Martin Gaul stood on the private balcony outside his office. He had his phone in his hand. He was holding it tightly enough that he could hear its glass display stressing.

The balcony faced south from the top floor of the building, overlooking Los Angeles from Sunset Boulevard. Gaul stared down on the nighttime expanse of the city—a thousand square miles of lighted gridwork, crisscrossed with freeways like the fiber-optic veins of an electronic life form.

He shut his eyes and tried to steady his breathing. Tried to choke the anxiety that had arrived with a phone call three minutes earlier.

Curren’s team had lost the girl.

Gaul turned from the rail. He paced to a table near the sliding door and set the phone on it, willing the damned thing to ring again, this time with news that everything was taken care of. He stared at it a moment longer and then went back to the view.

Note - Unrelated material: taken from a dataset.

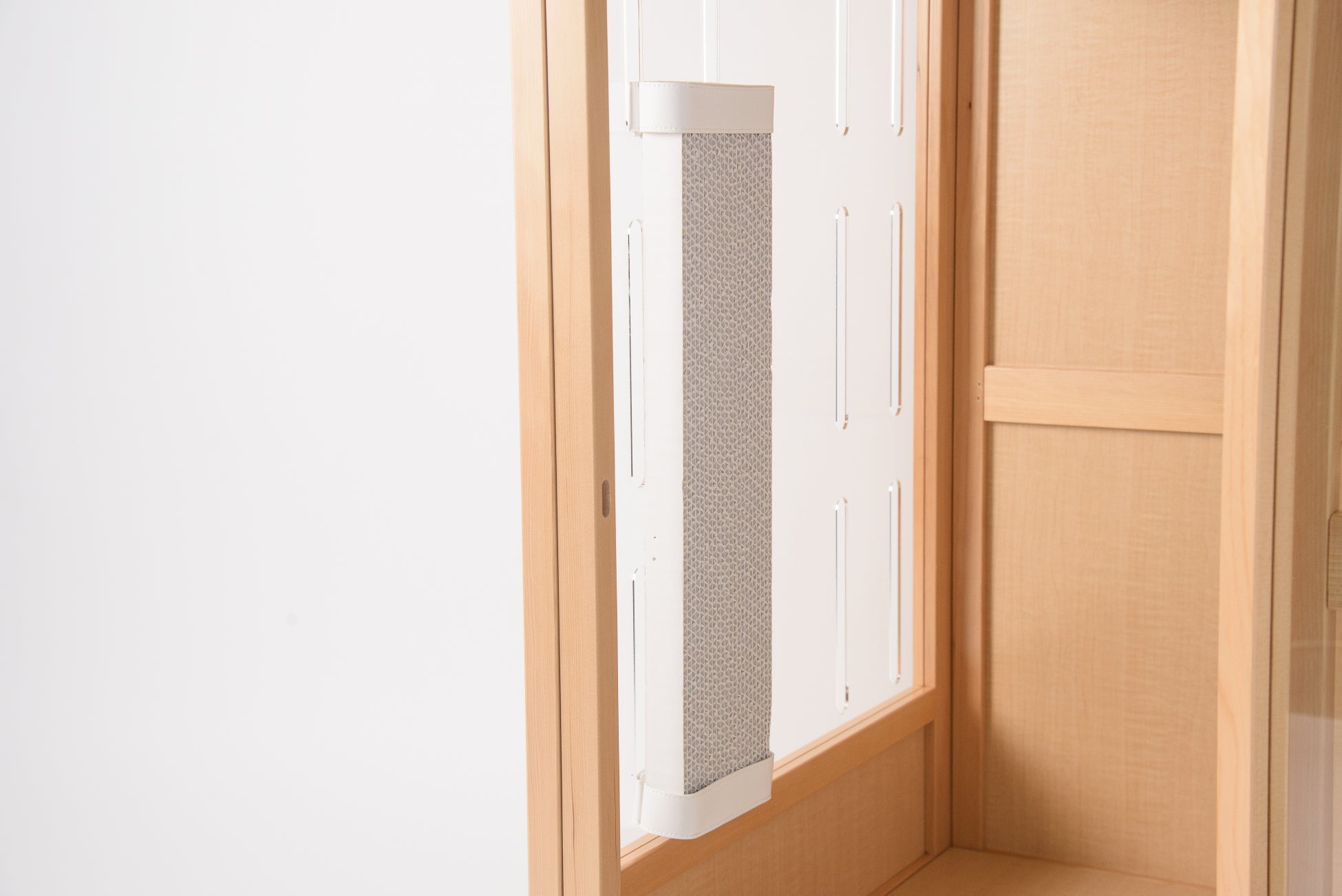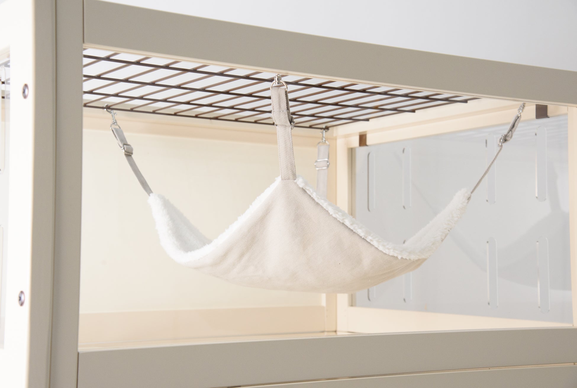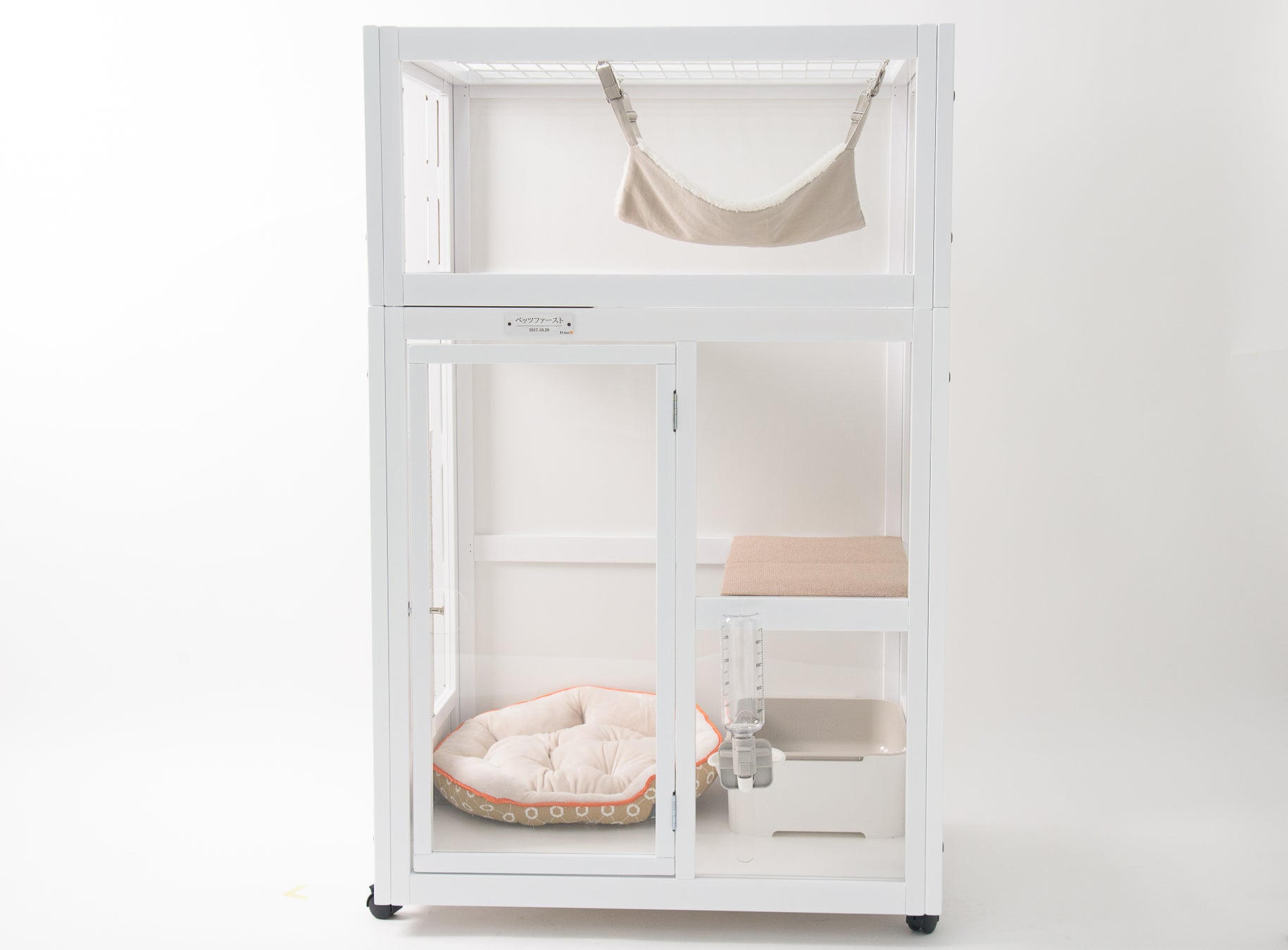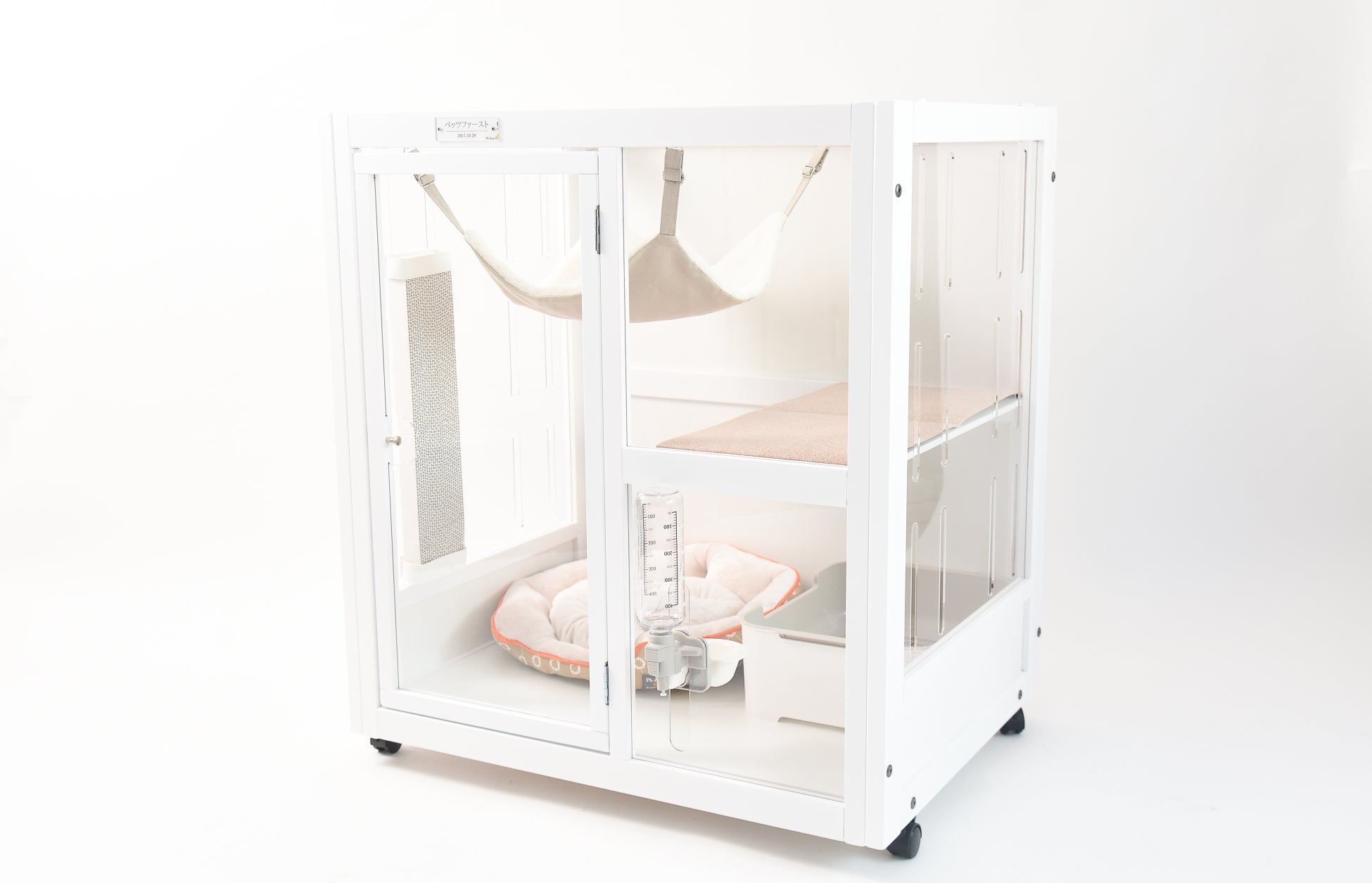 ネコちゃんがくつろぐことのできるハンモックやネコちゃんの生活に欠かすことのできない爪とぎ、給水器も取り付け可能です。付属品につきましてもペッツファーストオンラインストアで販売予定となっております。

There was a taste in his mouth—a mix of low-burning fear and tension. He had experienced it before, thirty years back, the summer between college and the army, when he lived in Boston. He’d gone to a Sox game with friends and hit a bar outside Fenway afterward, and a lot of shots later he’d come out alone, vaguely aware that his friends had already gone. There’d been a girl he thought he was doing pretty well with, but then she left without saying good-bye, which put him in a rough mood. He remembered wandering outside and walking toward what he thought was the bus stop, and much later ending up down by the river, near Harvard Bridge. He was looking for a spot to take a piss when the trouble happened.